By Michael Milad
Image reference: https://www.flickr.com/photos/30478819@N08/50959554757
Artificial intelligence (AI) has recently received significant hype, with promises that “they” will drive our cars, do our work, or potentially spell the end of civilisation. Despite all this excitement, few can accurately explain what AI is. Nick Bostrum, a philosopher at the University of Oxford, categorised three major groups of AI:
Narrow AI – this is the AI we are most familiar with – it uses a previously defined algorithm to continually improve, restricted to a specific function. So, whilst a narrow intelligence machine can beat the best chess player in the world, it still has an IQ of zero as it fails to do anything else.
General AI – a level of AI that has not yet been reached. At this level, the machine could one day have the same cognitive abilities as a human being, able to effectively reason, argue, memorize, and solve issues.
Artificial Superintelligence – a theoretical, potentially dystopian machine which exceeds the combined cognitive capacity of humanity. Figures such as Stephen Hawking, Bill Gates and Elon Musk have expressed how an artificial superintelligence could escape human control, take a treacherous turn that eventually results in the extinction of humanity.
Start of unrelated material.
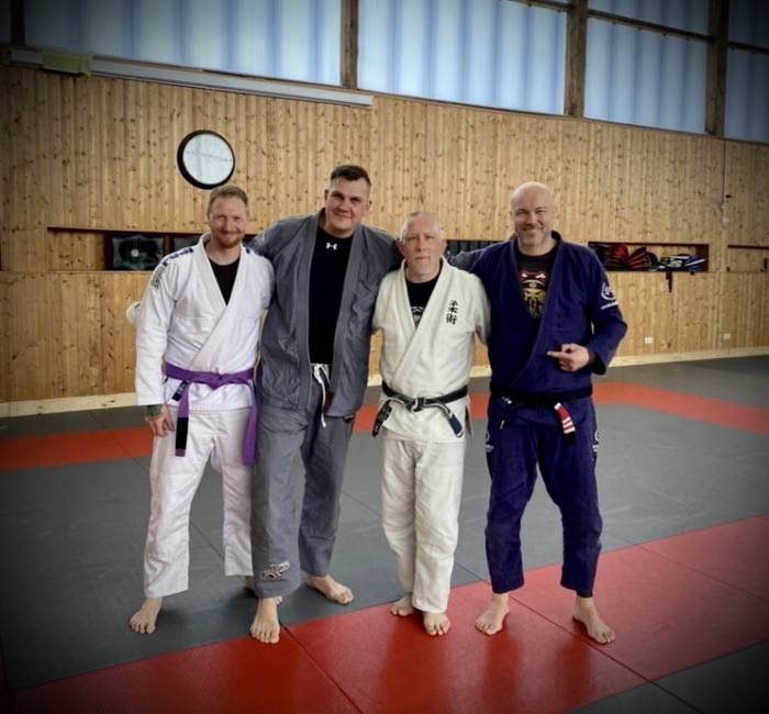 2017, Visiting my friend, BJJ Blackbelt Mark Picton and his Coach, Professor Paul Cole, at 5 rings grappling Mansfield/UK, with 2 of my training partners

The fear of reaching this level is what is driving Musk to integrate AI with the brain through Neuralink, ensuring symbiosis with superintelligence rather than competition.
These definitions explain the multifaceted nature of AI, which is best defined by the complexity and cognitive ability of the algorithms. Narrow and general AI are most likely to revolutionise medicine in the upcoming decades, and should be on the radar of aspiring and current clinicians.
Narrow AI has already shown promise in revolutionizing medicine. Researchers at the John Radcliffe have developed an AI system which is more accurate at diagnosing heart disease than doctors in over 80% of cases. Across the Atlantic, researchers at Harvard University have developed an AI-assisted diagnostic tool that can detect potentially lethal blood infections: they trained the machine on a series of 100,000 images, garnered from 25,000 slides. The system was able to recognise bacteria with a 95% accuracy. Given that a recent workforce census determined only 3% of NHS histopathologists have enough staff to meet clinical demand, AI would aid alleviate shortages.
Cogito, a behavioural analytics company, has been using AI-powered voice recognition to analyse and improve customer service interactions across a range of industries. They have delved into the healthcare industry with their recent “Cogito Companion” App, which tracks a patient’s behaviour, speech, and interactions. It does so by monitoring a patient’s phone for both passive and active behavioural signals, such as location data that can indicate when a patient hasn’t left their home for a long period, and communication logs, that indicate they haven’t spoken to anyone for several weeks. Integrated apps such as this demonstrate the potential role of AI in personalised medicine: algorithms can monitor patients, observing behaviour as well as reminding them to take medication.
Furthermore, general intelligence could learn about the daily habits of each patient, fitting in reminders at times that will maximise adherence. This could all improve not only medical outcomes, but patient’s subjective experience of care.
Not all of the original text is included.